Electron, Cross Sections, Ionization, Scattering

1. Introduction

Bethe [1] was first introduced the theoretical non-relativistic studies for the atomic ionization problems. The triple differential cross-section (TDCS) in electron hydrogen atom ionization collision has become increasingly interesting over the last four to five decades both theoretically and experimentally for relativistic [2] - [9] as well as for non-relativistic energies [10] - [21] . Triple differential cross-section (TDCS), measured in (e, 2e) coincidence experiment investigated first by Ehrhardt et al. [22] and Amaldi et al. [23] . After that many researchers have been successfully investigated such experiments in a large extent for ionization process theoretically both in ground state [16] [24] - [32] and metastable state [33] - [43] of atomic hydrogen by electron and positron impact.

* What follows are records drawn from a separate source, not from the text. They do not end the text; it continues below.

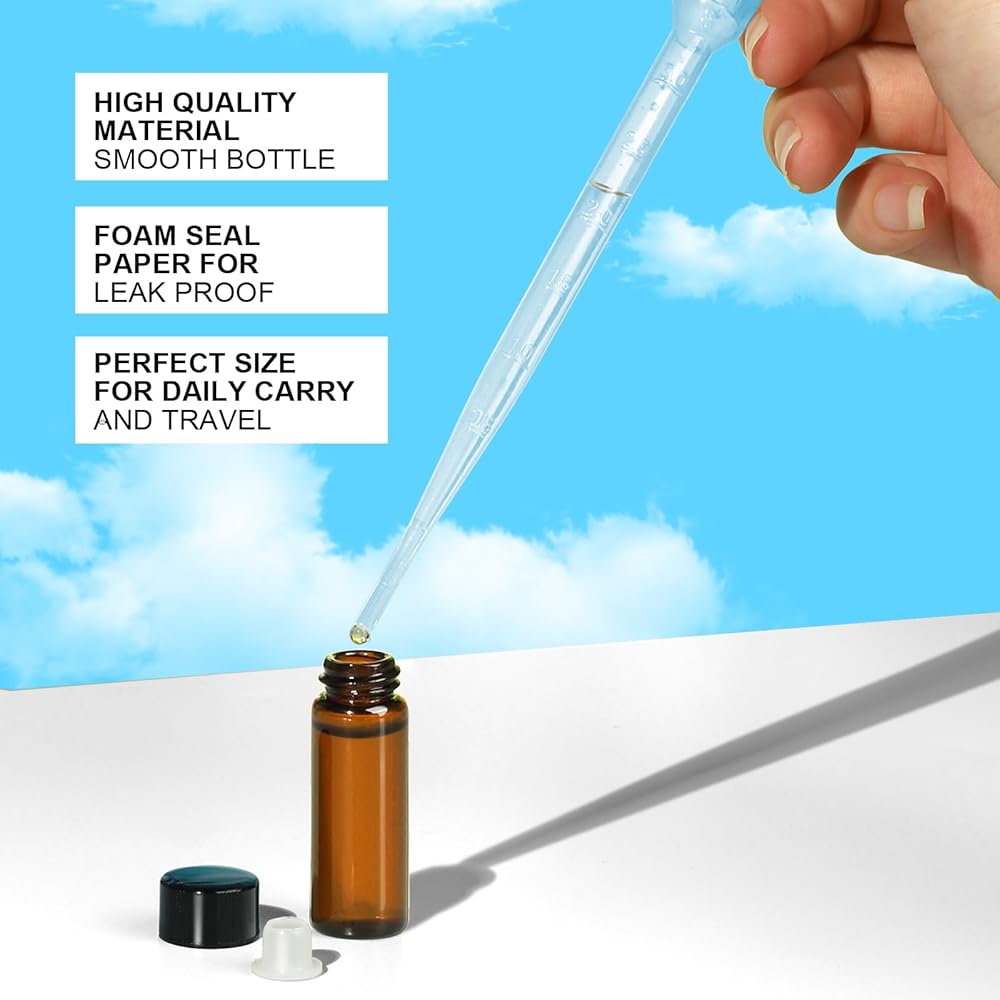 Essential oil bottles: 5ml small glass bottles with 2 droppers. Premium thick amber glass essential oil bottles provide professional protection for your product, only amber glass can prevent oxidation, degradation, and ultra-violet light damage. Fits easily in your pocket, purse or bag
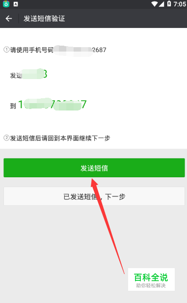 按照页面提示发送短信,如下图所示,操作后直接点击下一步即可
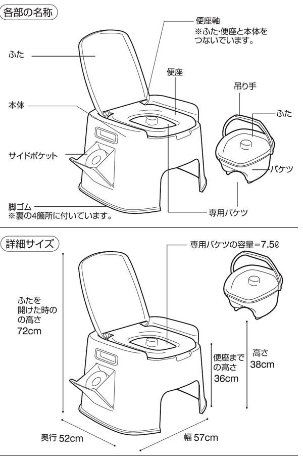 | 素材・材質 | 本体・他:ポリプロピレン 便座軸:スチール 脚ゴム:NRゴム |

The first theoretical calculation of direct scattering amplitude of the TDCS for the coplanar asymmetric ionization of hydrogenic metastable 2S-state by electrons was calculated by Vučič et al. [20] in the coplanar asymmetric geometry. The present study of triple differential cross-section (TDCS) for ionization of metastable 3S state hydrogen atoms by electron exchange were never studied experimentally and theoretically. A few theoretical calculations for the TDCS of metastable 2S and 2P [45] - [50] state hydrogen atoms by electron exchange are observed. The theoretical results of Del et al. [21] , BBK model [34] , and the absolute data [15] for the ionization of hydrogen atoms by electrons from ground state have been considered in the present work for comparison.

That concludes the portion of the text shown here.